I have to boggle at people that get angry when you point out that calling (African-American) spiritual work with a sharper intent as "dark or black" has racist implications that some may find hurtful and caution to the side of being considerate or attentive or mindful. They predictably attack the messenger on every occasion where this comes up and flip the issue around as the messenger being "rude" and completely project and deflect the entire issue off of themselves and their own words and the effects thereof. Folks who decry being "PC" in these contexts come across to me as wanting to justify lack of politeness or cover up their own unexamined racist attitudes and reactions. Closet racism is never pretty. "It's no big deal everyone says it." Not true at all! I do not and know many magical people who consciously avoid this terminology out of respect for where our work comes from and where we come from.

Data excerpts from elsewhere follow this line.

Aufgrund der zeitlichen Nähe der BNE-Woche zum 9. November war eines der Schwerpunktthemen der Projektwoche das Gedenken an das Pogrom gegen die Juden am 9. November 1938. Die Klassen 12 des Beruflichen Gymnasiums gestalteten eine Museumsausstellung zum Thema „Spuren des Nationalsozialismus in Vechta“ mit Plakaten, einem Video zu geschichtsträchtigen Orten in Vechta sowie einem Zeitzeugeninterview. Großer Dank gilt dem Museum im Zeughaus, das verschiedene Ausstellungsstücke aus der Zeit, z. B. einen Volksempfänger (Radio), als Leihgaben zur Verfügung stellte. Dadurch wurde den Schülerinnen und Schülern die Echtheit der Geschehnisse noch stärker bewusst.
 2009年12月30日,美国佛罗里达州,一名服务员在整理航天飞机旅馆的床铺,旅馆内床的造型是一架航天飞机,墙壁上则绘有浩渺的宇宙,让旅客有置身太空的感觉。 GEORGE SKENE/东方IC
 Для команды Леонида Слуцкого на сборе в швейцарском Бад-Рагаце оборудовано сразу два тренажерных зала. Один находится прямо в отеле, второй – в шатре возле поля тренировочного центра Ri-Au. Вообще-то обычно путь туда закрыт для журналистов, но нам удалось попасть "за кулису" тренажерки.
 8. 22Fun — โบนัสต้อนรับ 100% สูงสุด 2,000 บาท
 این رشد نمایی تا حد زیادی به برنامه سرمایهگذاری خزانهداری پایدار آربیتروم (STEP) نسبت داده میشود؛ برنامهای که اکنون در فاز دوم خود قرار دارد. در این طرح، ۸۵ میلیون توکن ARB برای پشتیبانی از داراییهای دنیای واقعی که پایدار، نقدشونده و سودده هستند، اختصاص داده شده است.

Darkness has many positive qualities, just as "Light" has many negative ones. The Earth our Mother is dark when she is fertile, darkness allows us to rest and recuperate, things about to be born grow in the dark, darkness extends our vision so we can see the furthest reaches of God's starry firmament and allows the brightness of the Moon and Venus to shine forth in all their beauty, please readers do not fall into that trap of equating darkness with destruction or evil intent, is it dark to focus a mirror and start a fire with a sunbeam? Is an erupting volcano dark? A lightning bolt?

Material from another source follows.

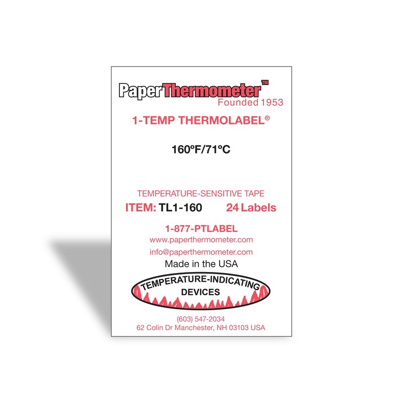 Thermolabel 1-Temp Thermolabel 160F/71C Temperature Label for Dishwashers Pack of 24 Labels
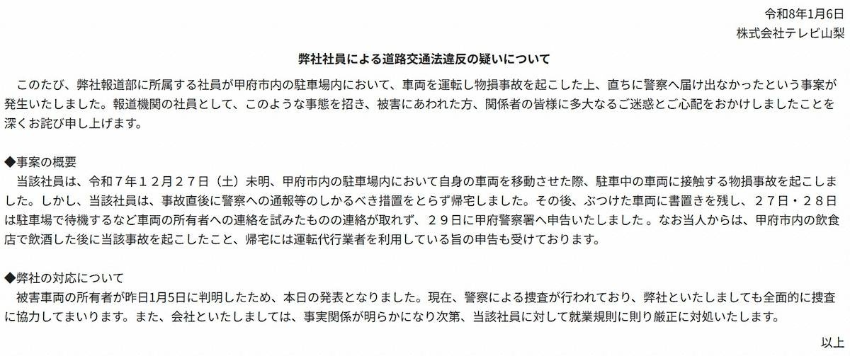 公式サイトでは「弊社報道部に所属する社員が甲府市内の駐車場内において、車両を運転し物損事故を起こした上、直ちに警察へ届け出なかったという事案が発生いたしました」と発表。「報道機関の社員として、このような事態を招き、被害にあわれた方、関係者の皆様に多大なるご迷惑とご心配をおかけしましたことを深くお詫び申し上げます」と謝罪した。

I hope my readers check how their words sound especially when talking about a culture that has been oppressed for centuries over being "dark". Words have power and are the direct vehicle of our intent and our magic and our relationships between each other.


Mike Rock said...

I just found a comment to a story about African American hair posted by an African American man the kind of bears on this topic a bit:

"First of all, we should really stop calling them "DREADS", that is such a negative word. We should never refer to ourselves in any negative way. I think that LOCKS are always beautiful, at any age!"

Jason Miller, said...

If you are saying that people calling african based magick "black magic" is racist I totally agree. There is a knee jerk response against anything african as evil. I cant tell you how many people write me for protection magick claiming to be cursed "by a santero or voodoo guy". In some cases they dont even have anyone in mind, they just assume that those are the only people who would do that kind of work. Meanwhile most Santera's that I have known are some of the kindest most timid workers...

However, if you are in general saying the the term black or dark magick used refering to wrathful, harmful, or overly passionate magic is racist I disagree.

While dark does indeed have many profoundly positive qualities (you can only see the stars in the dark) it is traditional in many cultures that never had significant exposure with Africans. In Tibet for instance there are lots of Bumnags or black collections that focus on wrathful magic.